The Baptism of Pocahontas, engraving by Charles Burt based on John G. Chapman's painting

In the early 20th century, Native American women often portrayed Pocahontas on-stage during World's Fairs. For instance, Pamunkey women assumed the role of Pocahontas during the 1907 Jamestown Exposition. Spectator perceptions and conceptions of the certainty of these representations were often fielded, and dictated by, Native Americans women, even if gilded wage labor and monetary exchange initially ensnared such women in boom-and-bust economies.
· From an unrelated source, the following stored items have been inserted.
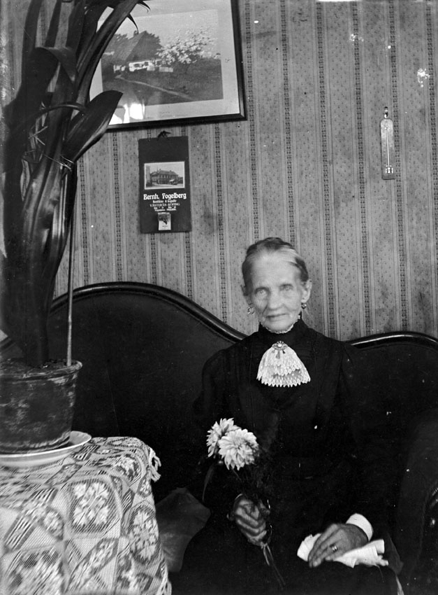 Äldre kvinna sitter i soffan med en blomma i handen.
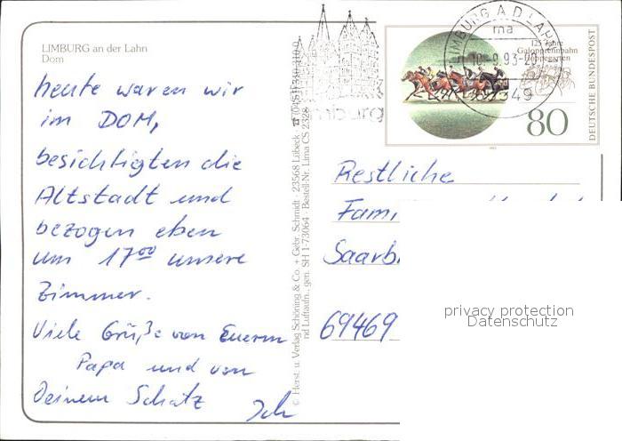 72022185 alte Postkarte Limburg Lahn postalisch gelaufen Erhaltung siehe scans KatCode: 11110006533009
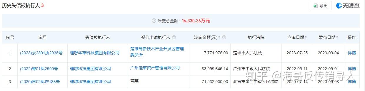除了历史限制消费令名单,理想科技集团有限公司以及更名成为理想华莱后,公司又3次成为历史失信被执行人,合计金额达到1.6亿元,涉案时间从2020年到2023年。
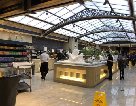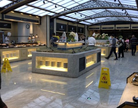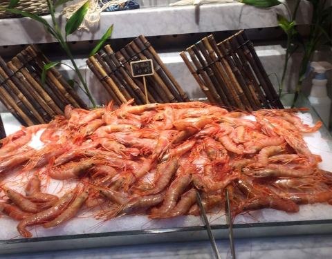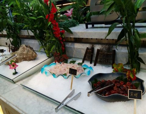 在招行的app上看到这家店参加周三五折的活动,139块钱一个人,果断跟小伙伴一起买了券,晚上过来吃饭。这家店很大,整个二楼都是他们家的。取菜区域分为两块,入口右转的这一片比较大,以各种海鲜,甜品,烧烤,...
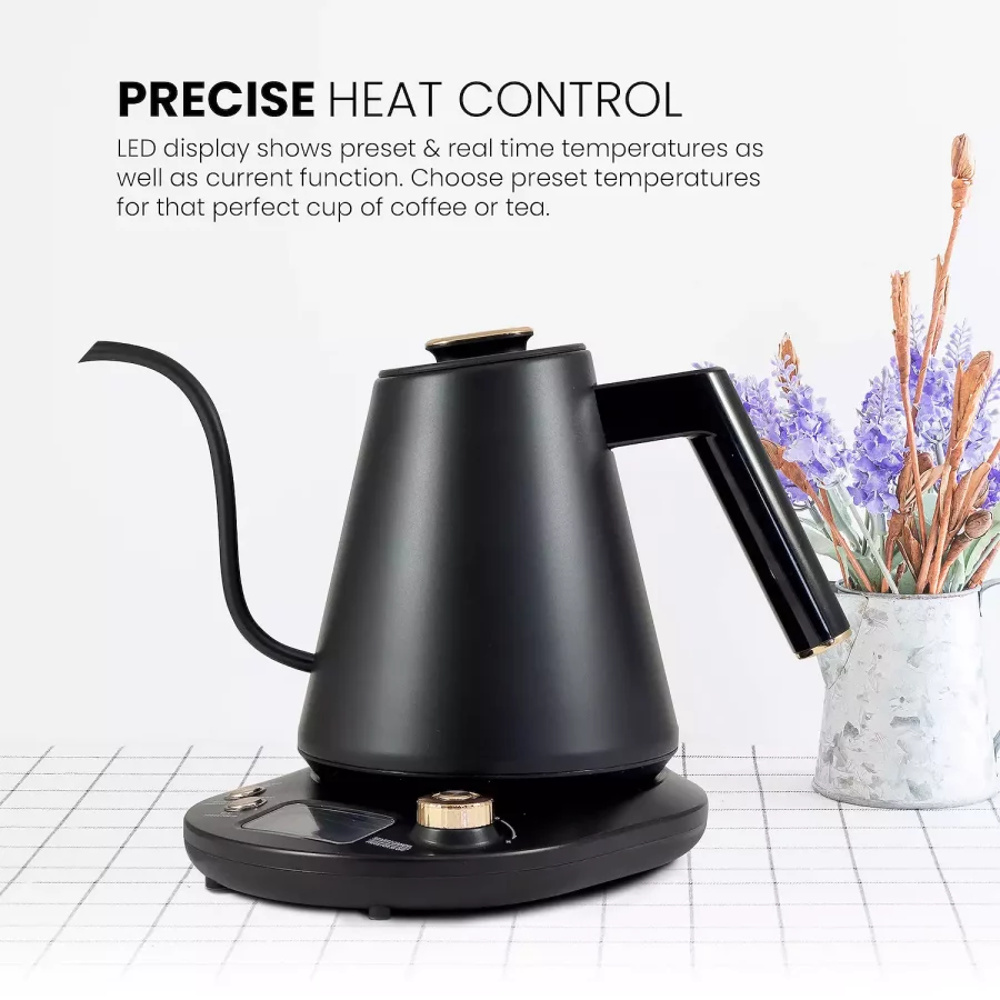 - 90° gooseneck spout ensures precise pouring for coffee and tea
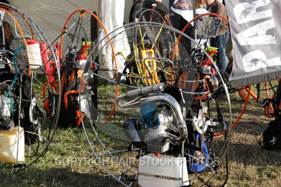 Description: Paramoteurs vus du sol au 7 eme mondial du paramoteur , le 22,23 et 24 juin 201 à57910 Basse-Ham, département de la Moselle, région Lorraine, France
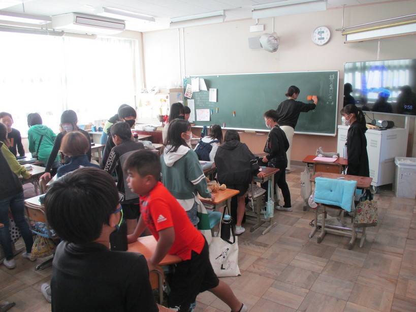 運動会を大成功で終えた金目小学校へも、全国的に流行しているインフルエンザの波がやってきてしまいました。 昨日、今日と全校の約1割が欠席する状況ですが、かろうじて学級閉鎖には至っていません。 予定されていた学習室の「サツマイモ調理」、3年生の「ズーラシア遠足」は延期としましたが、登校してきている子どもたちは元気です。 全校で唯一欠席者のいない5年2組では、子どもたちが楽しみにしている席替えが行われました。 | |

The Disney character Pocahontas, eponymous star of the 1995 Disney film is the most famous modern representation of an Indian princess. She has been inducted to the ranks of the Disney Princess franchise. Critical reception of her character has panned her overly sexualized portrayal, especially as the real Pocahontas was "a child of ten years old" during the events fictionalized by Disney. Her appearance was modeled on a number of sources, including Eskimo-French Canadian/Cree actress Irene Bedard, who provided the character's speaking voice, Powhatan historian Shirley Little Dove Custolow, and her sister Debbie White Dove, white American model Christy Turlington, and Dyna Taylor, a then-21-year-old senior at the California Institute of the Arts, who was used as the model for the character's face. Taylor, who is of Filipino descent, was paid about $200 for four modeling sessions, saying, "I work across from a Disney Store. When they show the promos, certain expressions are really familiar." The fictional Pocahontas is portrayed as being different from the rest of the Powhatan Confederacy, particularly as it relates to her relationship with John Smith, the European character she falls in love with. Unlike her violent and unfriendly tribe, Pocahontas is gentle and loving. She represents the “noble savage” in her willingness to defy the stereotypical traits assigned to indigenous people, instead embracing traits of the colonists, specifically her adventurous spirit which allows her to turn her back on her past and embrace new opportunities.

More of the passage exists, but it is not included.